The interest rate is the amount the lender charges the borrower on top of the principal, which is the loan amount, to borrow from the lender. The interest rate is reflected as a percentage of the principal, and it is because of this interest rate that the amount repaid by the borrower over the life of the loan will be more than the amount of money initially borrowed.

Lender

The lender is an individual or group that lends money to an individual or business with the expectation that those funds are repaid in a responsible and timely manner. The lender will assess the individual applying for the loan, check their creditworthiness, and will determine the interest rates and terms offered to the potential borrower.

Origination Fee

A fee charged by lenders to process a new loan application. It covers the costs of credit checks, loan processing, and underwriting.

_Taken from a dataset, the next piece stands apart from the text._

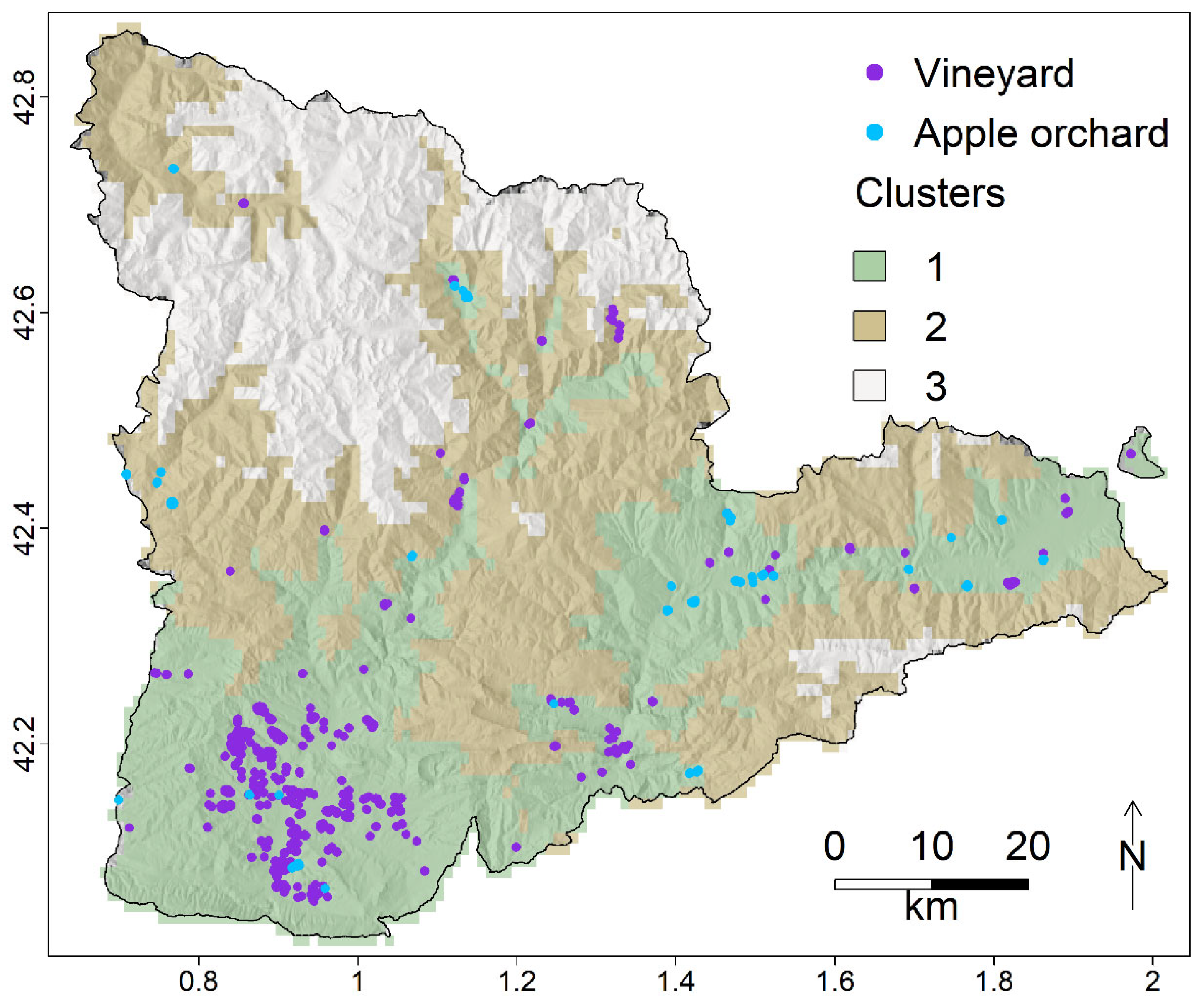 APA StyleCasadó-Tortosa, A., de Herralde, F., Savé, R., Peris, M., Lordan, J., Sánchez-Ortiz, A., Sánchez-Costa, E., Barbeta, A., & Funes, I. (2025). GIS-Based Approach for Modeling Vineyard and Apple Orchard Suitability in Mountainous Regions. Land, 14(11), 2135. https://doi.org/10.3390/land14112135

The fee is typically a percentage of the total loan amount and is often included in the APR.

Pre-Approval

A preliminary evaluation by a lender that indicates how much you might be able to borrow and under what terms. Pre-approval usually involves a soft credit check and doesn't guarantee final loan approval.

Principal

The original amount borrowed in a loan, not including interest or other fees. Your monthly payments typically include both principal and interest portions.

Promissory Note

The promissory note is the legally binding contract between the lender and the borrower that states that the borrower will pay the lender back for the loan by a particular date that was agreed upon in the terms of the loan.

Refinancing

The process of replacing an existing loan with a new loan, typically with better terms such as a lower interest rate or monthly payment. Refinancing can help save money over the life of the loan or make payments more manageable.

Term

The term of your loan is the duration you will be repaying the debt. For instance, your loan could have a longer-term, such as 30 years, or a shorter term, such as 15 years. A person with a higher credit score is more likely to secure longer-term loans, which typically results in a lower monthly payment.

Understanding these financial terms will help you navigate the lending process with confidence and make informed decisions about your financial future.

Simple Fast Loans makes applying for a loan as simple and quick as possible. The financial jargon used during the loan application process can be confusing, so hopefully, these few explanations will help clear things up and make you feel a bit more confident as you embark on the process!